Figure 3

High-resolution DNA methylation mapping of individual CpG dinucleotides within highly conserved regions of the DES LCR. Sodium bisulphite conversion of Hind III-digested human unfused myoblast (UF), fused myotube (F) and PBMC DNA followed by PCR amplification, cloning and sequencing was used to obtain a high-resolution map of the methylation status across GC-rich regions of high sequence homology between mouse, rat and human within the DES LCR. (A) Top line: illustration of the DES and DES LCR HS 1–5 and positions of the evolutionarily conserved elements (vertical arrows). Middle line: CpG density map. Each vertical line represents a single CpG dinucleotide residue. Bottom line: position of PCR amplicons following genomic DNA bisulphate conversion and nChIP (Figure 2). (B) Methylation status of individual CpG sites.
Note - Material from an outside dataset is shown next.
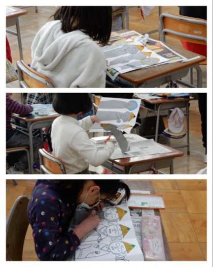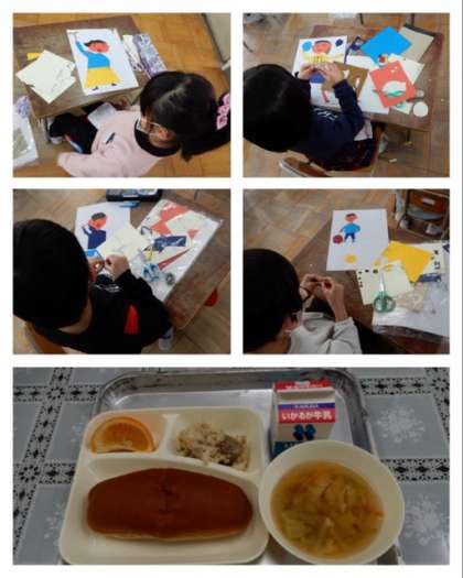 1年は、カラー紙版画で遊んでいる自分を表していました。
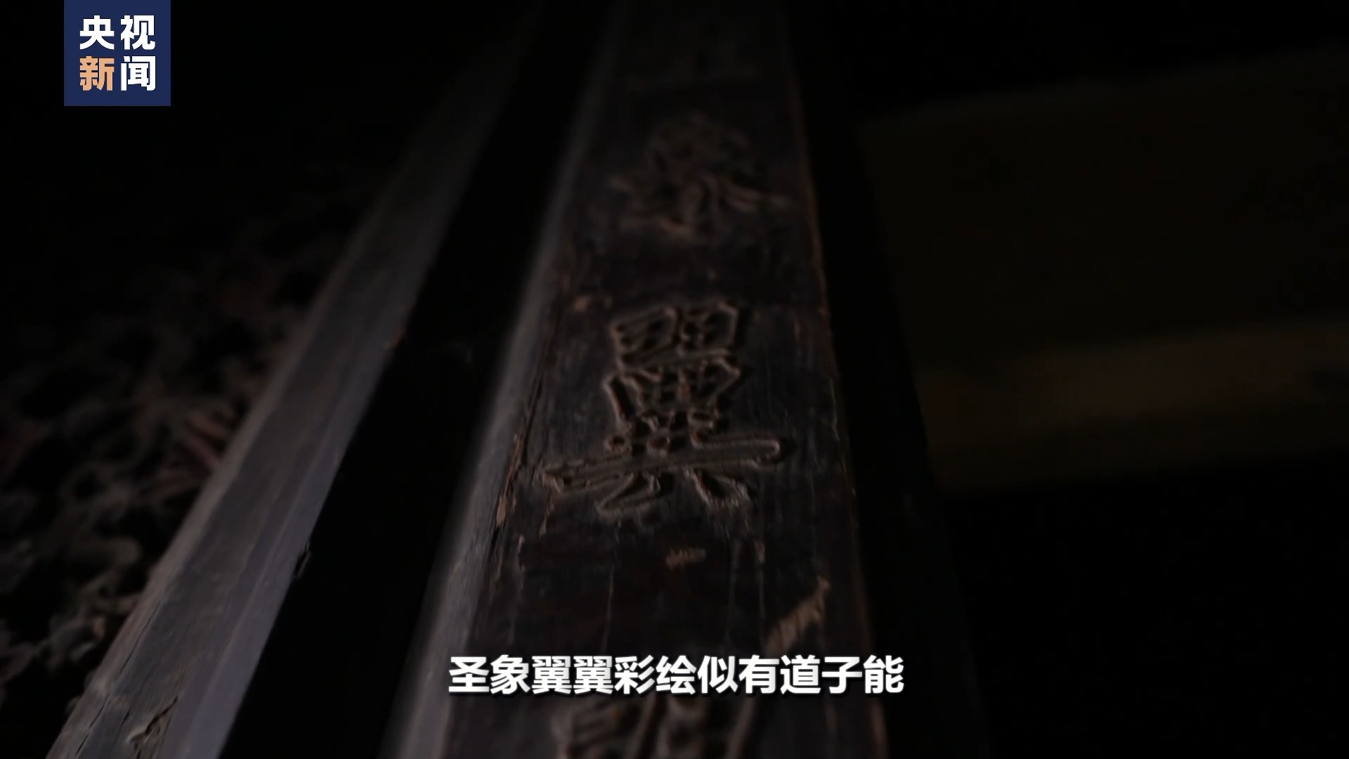 那么剛才提到楹聯(lián)里頭的下楹聯(lián)叫圣象翼翼彩繪似有道子能,它主要說(shuō)這里的油漆彩畫(huà)也是非常精美,就像畫(huà)圣吳道子親自繪畫(huà)的技能一樣的精美。

Each line represents the result within independent clones of PCR amplified regions. Open/white circles indicate an unmethylated CpG site; closed/black circles, methylated CpG sites. At certain sites circles are missing, sequence data was not available for these individual CpG sites. Amplicons used for nChIP analysis are shown (A-G) by a horizontal double-ended arrow. Positions of sequenced regions relative to the TSS of DES are indicated in kb. Regions of homology within the LCR are marked by a horizontal grey line.